• _TASK DETAILS_
Below is a listing. Write out exactly its lines between the one holding "Winter thickened coral" and the one holding "Multifunkčný pomocník vo", inclusive.

• _DATA PROVIDED_
- Opening Delimiter -
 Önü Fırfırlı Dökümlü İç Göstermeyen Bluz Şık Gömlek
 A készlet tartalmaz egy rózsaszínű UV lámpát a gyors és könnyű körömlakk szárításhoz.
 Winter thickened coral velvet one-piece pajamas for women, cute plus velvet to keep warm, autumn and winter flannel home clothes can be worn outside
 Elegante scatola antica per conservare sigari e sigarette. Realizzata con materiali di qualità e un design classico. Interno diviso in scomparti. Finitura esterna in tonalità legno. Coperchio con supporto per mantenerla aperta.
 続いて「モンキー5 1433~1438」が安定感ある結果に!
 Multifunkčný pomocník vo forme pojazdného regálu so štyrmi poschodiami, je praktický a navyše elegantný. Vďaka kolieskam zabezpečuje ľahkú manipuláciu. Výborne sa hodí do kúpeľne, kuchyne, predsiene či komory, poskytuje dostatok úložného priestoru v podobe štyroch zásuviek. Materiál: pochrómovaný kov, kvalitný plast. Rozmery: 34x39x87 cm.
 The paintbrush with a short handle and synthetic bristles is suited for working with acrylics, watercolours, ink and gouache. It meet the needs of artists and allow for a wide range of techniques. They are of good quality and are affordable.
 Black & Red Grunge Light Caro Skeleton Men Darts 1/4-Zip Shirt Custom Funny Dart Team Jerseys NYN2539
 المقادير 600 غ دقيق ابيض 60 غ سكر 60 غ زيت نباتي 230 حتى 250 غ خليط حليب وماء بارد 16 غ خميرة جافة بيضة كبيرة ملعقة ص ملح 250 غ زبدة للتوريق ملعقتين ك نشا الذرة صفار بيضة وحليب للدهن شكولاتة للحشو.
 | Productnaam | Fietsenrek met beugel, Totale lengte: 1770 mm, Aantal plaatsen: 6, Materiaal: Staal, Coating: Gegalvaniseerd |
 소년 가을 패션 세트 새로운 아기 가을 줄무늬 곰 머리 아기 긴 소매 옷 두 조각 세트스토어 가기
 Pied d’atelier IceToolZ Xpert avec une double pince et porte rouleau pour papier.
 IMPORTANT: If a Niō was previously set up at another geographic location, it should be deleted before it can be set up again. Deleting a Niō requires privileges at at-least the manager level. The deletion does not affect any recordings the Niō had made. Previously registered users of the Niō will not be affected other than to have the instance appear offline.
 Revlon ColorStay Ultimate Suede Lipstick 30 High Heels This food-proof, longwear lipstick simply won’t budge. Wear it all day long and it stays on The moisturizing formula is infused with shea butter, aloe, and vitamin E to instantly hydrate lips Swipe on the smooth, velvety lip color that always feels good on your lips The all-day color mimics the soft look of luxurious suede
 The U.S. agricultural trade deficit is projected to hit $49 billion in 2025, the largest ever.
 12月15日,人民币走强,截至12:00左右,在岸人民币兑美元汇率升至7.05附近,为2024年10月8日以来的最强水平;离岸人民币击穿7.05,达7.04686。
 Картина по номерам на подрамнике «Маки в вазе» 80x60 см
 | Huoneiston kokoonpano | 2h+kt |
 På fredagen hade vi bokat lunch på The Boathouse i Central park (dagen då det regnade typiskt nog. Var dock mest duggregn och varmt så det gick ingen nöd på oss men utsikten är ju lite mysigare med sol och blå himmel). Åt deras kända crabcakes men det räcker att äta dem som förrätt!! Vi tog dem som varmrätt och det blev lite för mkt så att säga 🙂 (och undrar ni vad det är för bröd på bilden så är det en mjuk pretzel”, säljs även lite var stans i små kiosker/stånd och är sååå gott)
- Closing Delimiter -
• _SOLUTION FOR THIS EXERCISE_
 Winter thickened coral velvet one-piece pajamas for women, cute plus velvet to keep warm, autumn and winter flannel home clothes can be worn outside
 Elegante scatola antica per conservare sigari e sigarette. Realizzata con materiali di qualità e un design classico. Interno diviso in scomparti. Finitura esterna in tonalità legno. Coperchio con supporto per mantenerla aperta.
 続いて「モンキー5 1433~1438」が安定感ある結果に!
 Multifunkčný pomocník vo forme pojazdného regálu so štyrmi poschodiami, je praktický a navyše elegantný. Vďaka kolieskam zabezpečuje ľahkú manipuláciu. Výborne sa hodí do kúpeľne, kuchyne, predsiene či komory, poskytuje dostatok úložného priestoru v podobe štyroch zásuviek. Materiál: pochrómovaný kov, kvalitný plast. Rozmery: 34x39x87 cm.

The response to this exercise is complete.